Work instruction
Set down each entry as it stands. Skip the pictures.

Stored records
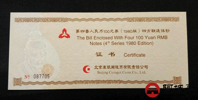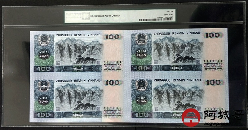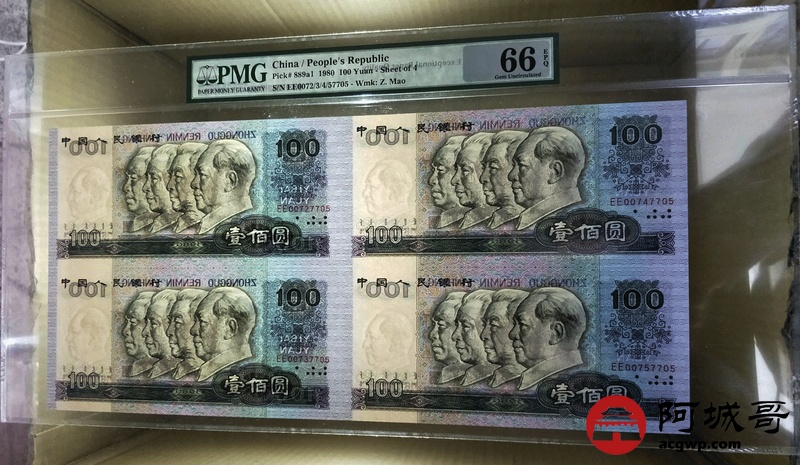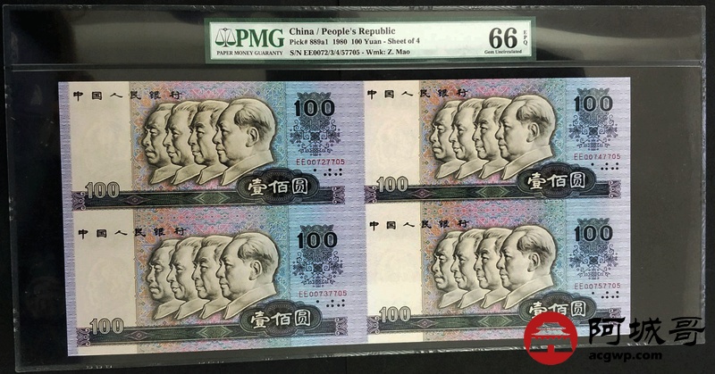 Lot:24 1980年 壹佰圆 中国人民银行 连体钞 PMG 66 EPQ 好号无4 带册带证书
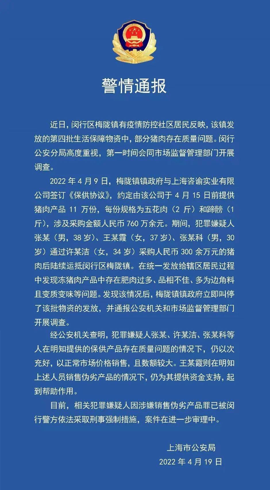 警方通報(bào):2022年4月9日,梅隴鎮(zhèn)鎮(zhèn)政府與上海咨諭實(shí)業(yè)有限公司簽訂《保供協(xié)議》,約定由該公司于4月15日前提供豬肉產(chǎn)品11萬份,每份規(guī)格為五花肉(2斤)和蹄髈(1斤),涉及采購金額人民幣760萬余元。其間,犯罪嫌疑人張某(男,38歲)、王某霞(女,37歲)、張某科(男,30歲)通過許某潔(女,34歲)采購人民幣300余萬元的豬肉后陸續(xù)運(yùn)抵閔行區(qū)梅隴鎮(zhèn)。在統(tǒng)一發(fā)放給轄區(qū)居民過程中發(fā)現(xiàn)凍豬肉產(chǎn)品中存在肥肉過多、品相不佳、多為邊角料且變質(zhì)變味等問題。發(fā)現(xiàn)該情況后,梅隴鎮(zhèn)鎮(zhèn)政府立即叫停了該批物資的發(fā)放,并通報(bào)公安機(jī)關(guān)和市場(chǎng)監(jiān)督管理部門開展調(diào)查。
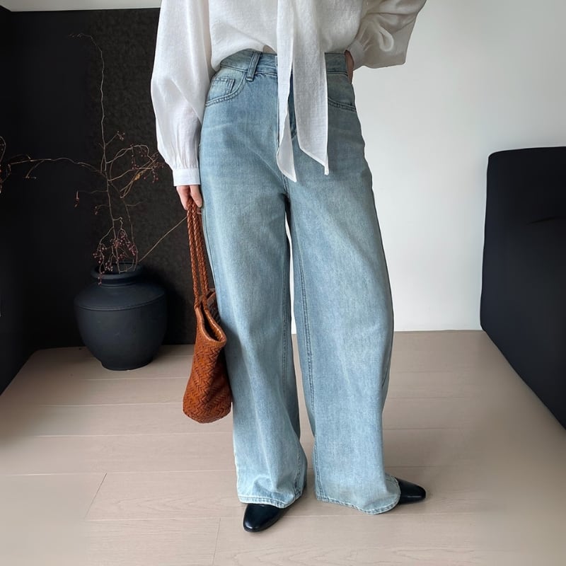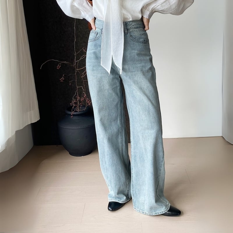 ハイウエストデザインでスタイルアップ効果抜群のワイドレッグデニムパンツ。
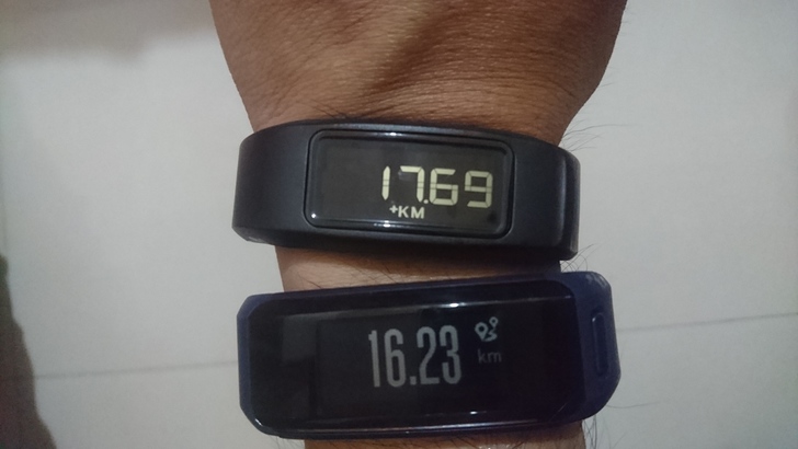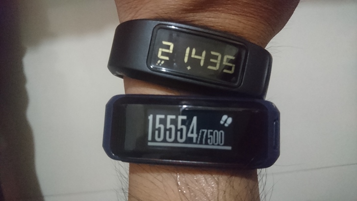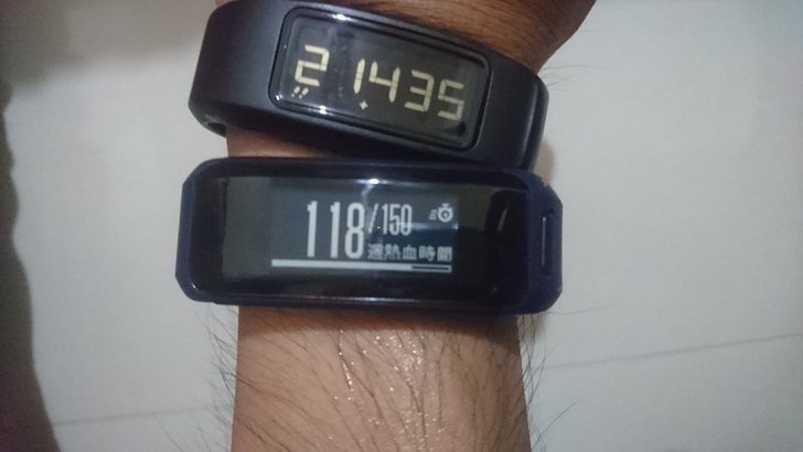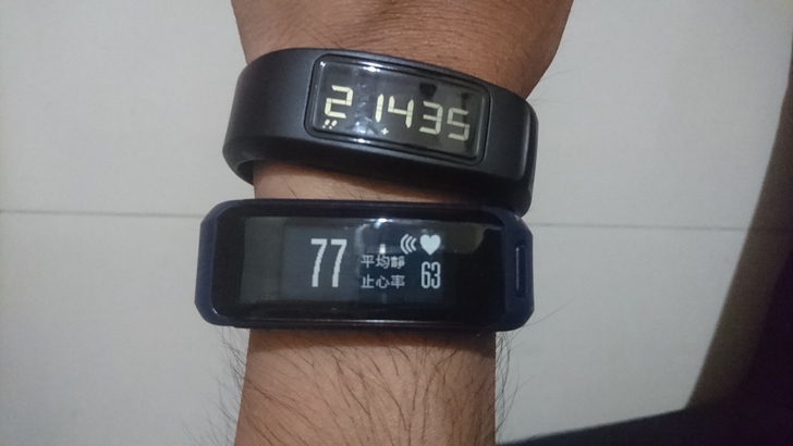 VIVOSMART HR 計步 (二支一起計,都會跳,但似乎有一些些的差異)
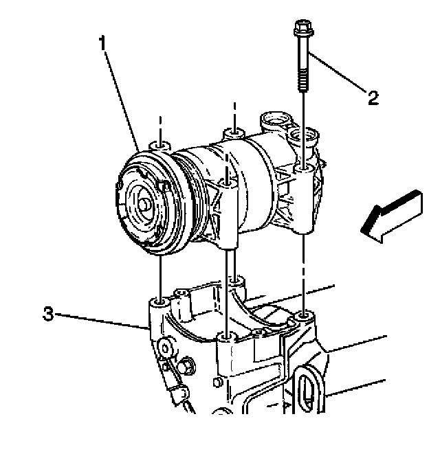 2. Install the compressor retaining bolts to the mounting bracket.
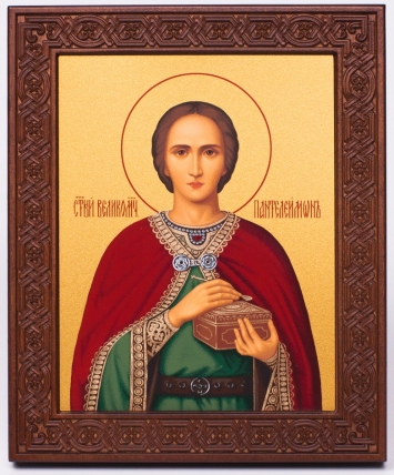 Икона на дереве 18х22 прокат, ковчег с резным обрамлением, упаковка Пантелеимон 1
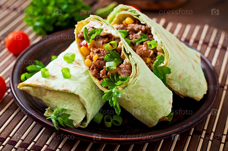 Буррито обертывания с рубленой говядиной и овощами на фоне деревянные
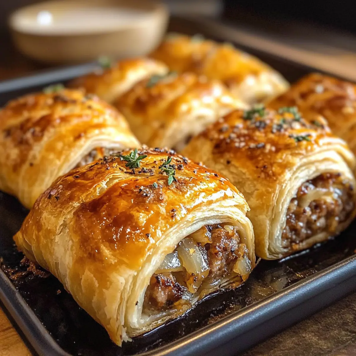 Herzhafte französische Zwiebel-Wurstrollen für Genießer
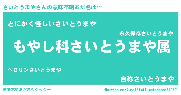 | 男性向けラノベタイトル風あだ名 | 『転生したらさいとうまやだった件』 |
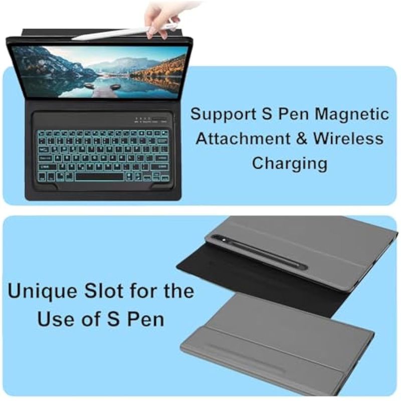 FUNDA PARA TECLADO GALAXY TAB S10 ULTRA/S9 ULTRA/S8 ULTRA, TECLADO INALáMBRICO DESMONTABLE CON RETROILUMINACIóN DE 7 COLORES, CUBIERTA MAGNéTICA CON SOPORTE PARA BOLíGRAFO S PARA SAMSUNG
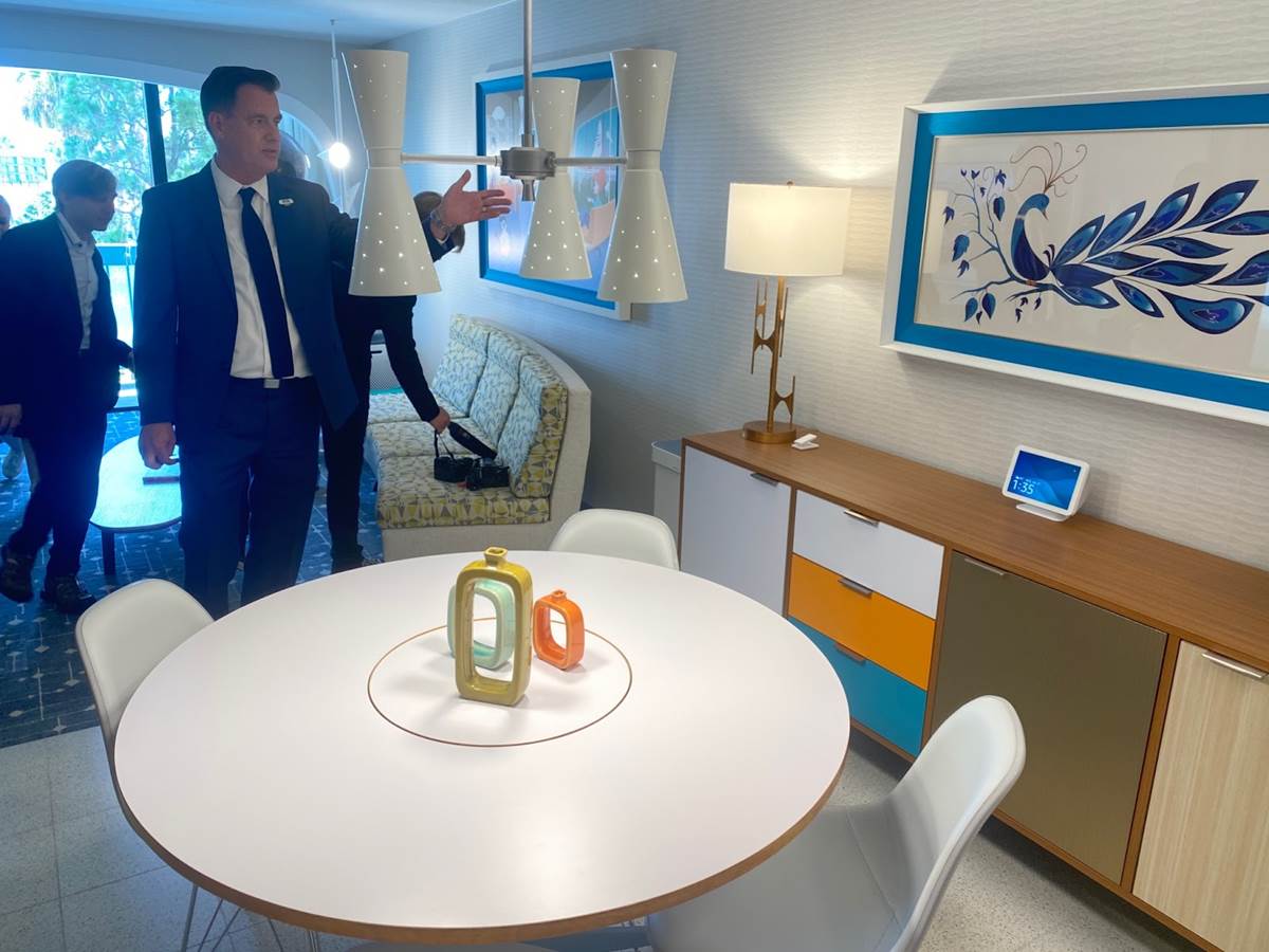 The suite implies the mid-century modern design sensibilities of the Monsanto house (a melding of functional style and cutting-edge technology). Other décor/design inspirations came from examples of Googie and mid-century modern architecture once found in the Anaheim Resort District during the 1960s.
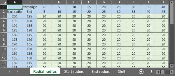 When using the Excel File definition, the radii pillows are built according to the values written in the Excel. They are not built according to a ratio of the position between the Start radius and End radius values. |
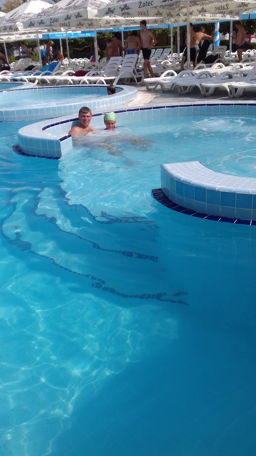 - Отдельно хочется упомянуть Бердянский аквапарк, вызвавший целое море позитивных эмоций у всей семьи. Но есть один момент, о котором хочется предупредить. Отдыхать можно либо целый день, либо полдня, либо час, два, три...Сразу хочу сказать, если собрались посетить аквапарк, не пожалейте денег, берите абонемент на целый день. Смысл в том, что с утра людей меньше, можно вдоволь накататься на горках, позагорать, поплавать в бассейнах, а через пару часов люди начинают подходить с каждым часом, такая там система. Проще говоря, если возьмете абонемент на час, по времени он будет последним часом перед закрытием аквапарка.
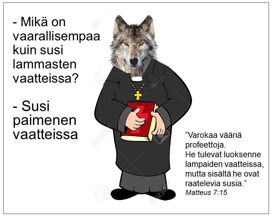 Minä tiedän, että lähtöni jälkeen teidän keskuuteenne tulee julmia susia, jotka eivät säästä laumaa. Teidän omasta joukostanne nousee miehiä, jotka julistavat totuudenvastaisia oppeja vetääkseen opetuslapset mukaansa. Olkaa siis valveilla ja muistakaa, että minä kolmen vuoden ajan olen lakkaamatta, yötä päivää kyynelsilmin opastanut itse kutakin teistä. (Ap.t.20:28-31)

Worked solution
 Lot:24 1980年 壹佰圆 中国人民银行 连体钞 PMG 66 EPQ 好号无4 带册带证书
 警方通報(bào):2022年4月9日,梅隴鎮(zhèn)鎮(zhèn)政府與上海咨諭實(shí)業(yè)有限公司簽訂《保供協(xié)議》,約定由該公司于4月15日前提供豬肉產(chǎn)品11萬份,每份規(guī)格為五花肉(2斤)和蹄髈(1斤),涉及采購金額人民幣760萬余元。其間,犯罪嫌疑人張某(男,38歲)、王某霞(女,37歲)、張某科(男,30歲)通過許某潔(女,34歲)采購人民幣300余萬元的豬肉后陸續(xù)運(yùn)抵閔行區(qū)梅隴鎮(zhèn)。在統(tǒng)一發(fā)放給轄區(qū)居民過程中發(fā)現(xiàn)凍豬肉產(chǎn)品中存在肥肉過多、品相不佳、多為邊角料且變質(zhì)變味等問題。發(fā)現(xiàn)該情況后,梅隴鎮(zhèn)鎮(zhèn)政府立即叫停了該批物資的發(fā)放,并通報(bào)公安機(jī)關(guān)和市場(chǎng)監(jiān)督管理部門開展調(diào)查。
 ハイウエストデザインでスタイルアップ効果抜群のワイドレッグデニムパンツ。
 VIVOSMART HR 計步 (二支一起計,都會跳,但似乎有一些些的差異)
 2. Install the compressor retaining bolts to the mounting bracket.
 Икона на дереве 18х22 прокат, ковчег с резным обрамлением, упаковка Пантелеимон 1
 Буррито обертывания с рубленой говядиной и овощами на фоне деревянные
 Herzhafte französische Zwiebel-Wurstrollen für Genießer
 | 男性向けラノベタイトル風あだ名 | 『転生したらさいとうまやだった件』 |
 FUNDA PARA TECLADO GALAXY TAB S10 ULTRA/S9 ULTRA/S8 ULTRA, TECLADO INALáMBRICO DESMONTABLE CON RETROILUMINACIóN DE 7 COLORES, CUBIERTA MAGNéTICA CON SOPORTE PARA BOLíGRAFO S PARA SAMSUNG
 The suite implies the mid-century modern design sensibilities of the Monsanto house (a melding of functional style and cutting-edge technology). Other décor/design inspirations came from examples of Googie and mid-century modern architecture once found in the Anaheim Resort District during the 1960s.
 When using the Excel File definition, the radii pillows are built according to the values written in the Excel. They are not built according to a ratio of the position between the Start radius and End radius values. |
 - Отдельно хочется упомянуть Бердянский аквапарк, вызвавший целое море позитивных эмоций у всей семьи. Но есть один момент, о котором хочется предупредить. Отдыхать можно либо целый день, либо полдня, либо час, два, три...Сразу хочу сказать, если собрались посетить аквапарк, не пожалейте денег, берите абонемент на целый день. Смысл в том, что с утра людей меньше, можно вдоволь накататься на горках, позагорать, поплавать в бассейнах, а через пару часов люди начинают подходить с каждым часом, такая там система. Проще говоря, если возьмете абонемент на час, по времени он будет последним часом перед закрытием аквапарка.
 Minä tiedän, että lähtöni jälkeen teidän keskuuteenne tulee julmia susia, jotka eivät säästä laumaa. Teidän omasta joukostanne nousee miehiä, jotka julistavat totuudenvastaisia oppeja vetääkseen opetuslapset mukaansa. Olkaa siis valveilla ja muistakaa, että minä kolmen vuoden ajan olen lakkaamatta, yötä päivää kyynelsilmin opastanut itse kutakin teistä. (Ap.t.20:28-31)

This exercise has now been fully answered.